No, he responded, and before she had a chance to type something back, he called her through Messenger. His voice was grainier than she remembered it, and every other word further subdued her. First sending her against the wall—accident—and then to the floor—instantly. As he relayed further details, how her father had driven his car into a lake, the other students in the hallway became shadows. Their everyday exchanges became indecipherably alien.
That compared little to the funeral itself. It was held in a Catholic church even though her father had rejected religion long before she was born. Seeing all those people she'd written off years ago made the death more real. The family members on her mother's side were not good people. This was according to both her parents. She never questioned it or investigated it herself because her parents were good people.

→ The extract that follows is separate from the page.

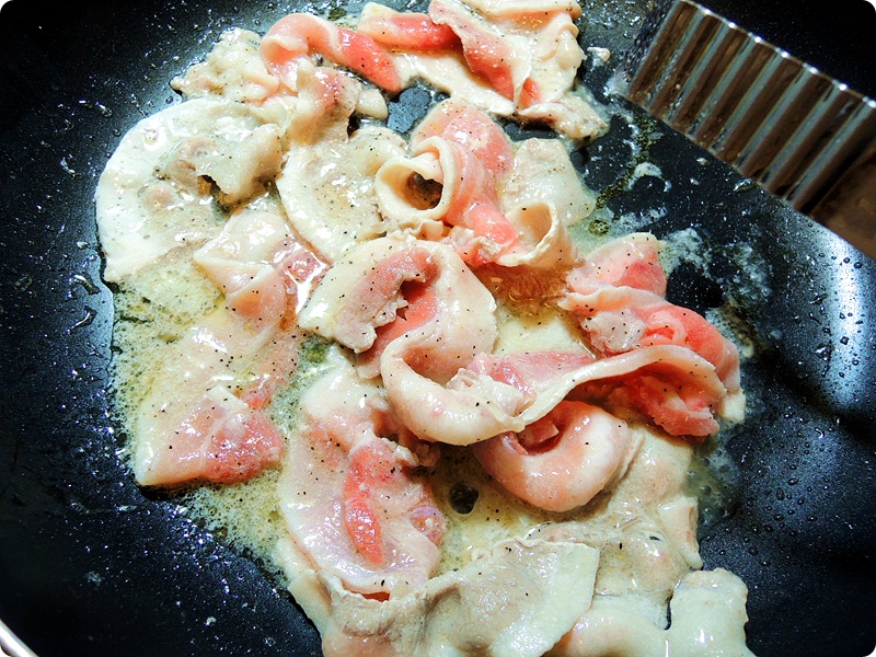 Cooked the meet with some pepper, salt and sesame oil.

She met her mom and brothers outside the church. The young men were gathered around the small woman, who sat on the steps, hands folded between her knees, eyes hidden with dark glasses. She looked so defeated there. Must have been so overwhelmed to have asked for her family's help with arrangements. Vanessa's father was an only child, and while his parents were still alive, they were in no position to help.
From spotting her mother on the stairs to seeing all those familiar strangers in the pews, Vanessa got hit with wave after acidic wave from a sea of ugly reality. A reality where her father, who was also her truest and best friend, no longer existed. It wasn't until the drive to the plot where he'd be buried forever that a numb dissociation retook her, reducing the people around her to shadows and their condolences to something indecipherable and alien.
She'd welcomed the return of this state. This impressionistic nihilism had shielded her in the week since getting Uncle Phil's Facebook message. She intended to let it shield her until she was ready to feel her father's absence fully. This grief had to work on her terms. Reality had to work on her terms.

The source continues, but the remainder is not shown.